Oh btw the powerhead that i have is a 'powerhead 402' heres a picture;
http://www.mercadolibre.com.ar/jm/img?s=MLA&f=19601247_547.jpg&v=P


----------



## hoppycalif (Apr 7, 2005)

Here is my powerhead/sponge filter/CO2 mister:








It is made from a Maxijet 600 with a Penn-plax Cascade bio-sponge filter: (and obviously I am overdue to clean the glass of the tank - not GDA but GSA)
















The filter sponge comes much too long for this, but with a correct sized hole down the middle. I cut the sponge into two equal length pieces, with the small chunk left over used to cut a couple of plugs for the open hole in the sponge.


----------



## Mikee (May 8, 2006)

Hi very nice powerhead/sponge filter just wondering if this similar setup could be used on my aquaclear 402 powerhead?


----------



## hoppycalif (Apr 7, 2005)

Mikee said:


> Hi very nice powerhead/sponge filter just wondering if this similar setup could be used on my aquaclear 402 powerhead?

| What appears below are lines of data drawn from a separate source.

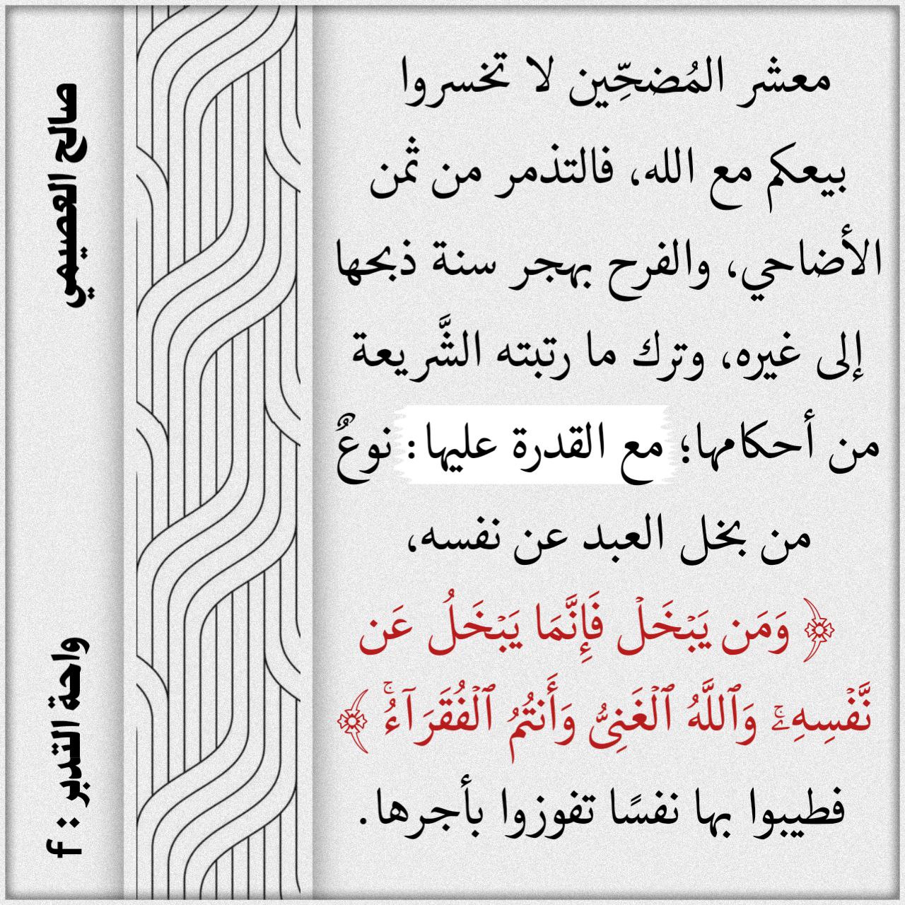 معشر المُضحِّين لا تخسروا بيعكم مع الله، فالتذمر من ثمن الأضاحي، والفرح بهجر سنة ذبحها إلى غيره، وترك ما... المزيد
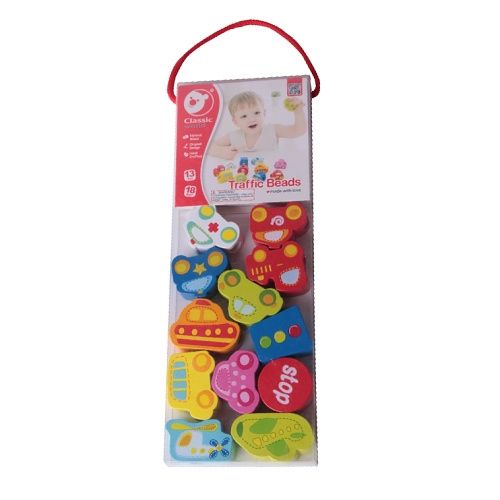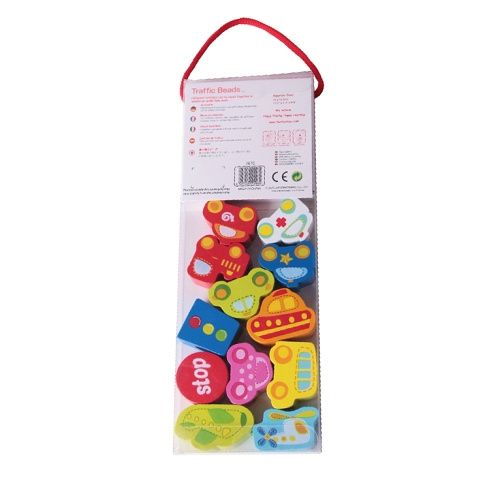 Skvělá hračka pro děti, která jim umožní rozvíjet obratnost, přesnost a koordinaci oko-ruka, a umožní jim poznat různé druhy dopravních prostředků. Dřevěné korále na navlékání na provázek mají tvary a motivy související s dopravou. Úkolem dítěte je navléknout na provázek korálky různých tvarů. Varovaní. Nevhodné pro děti mladší 18 měsíců. Dlouhá sňůra/dlouhý řetěz. Nebezpečí uškrcení.
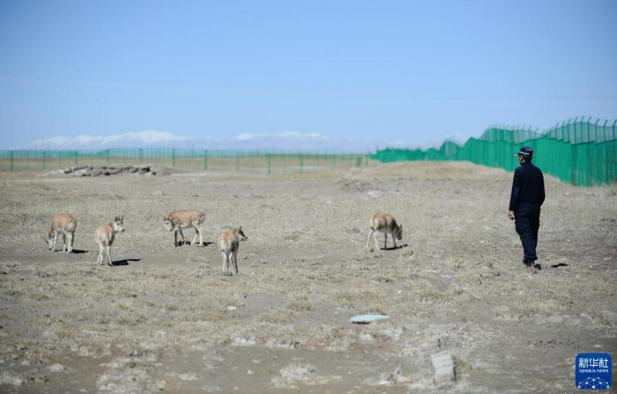 在可可西里國家級自然保護區索南達杰保護站,幾只藏羚羊在野生動物救助中心活動(9月28日攝)。

I would think it would work fine. The one possible problem I see is that some powerheads don't work very well upside down, and replacing the sponge is much easier with it on the top. That sponge only cost me about $6 so it isn't expensive to experiment with it. I assume your powerhead came with a sponge holder - a grid that fits on the inlet.


----------



## Mikee (May 8, 2006)

Yes it looks exactly like the one in the above picture with the grid thing that fits over inlet. With this one i can adjust the flow output but whats weird with mine is when i decrease the flow a bit than it doesnt flow at all..and with it at full flow im not sure if the flow is to much or not..and i dont think i could flip it upside down with this powerhead not yet sure how i will do it yet..


----------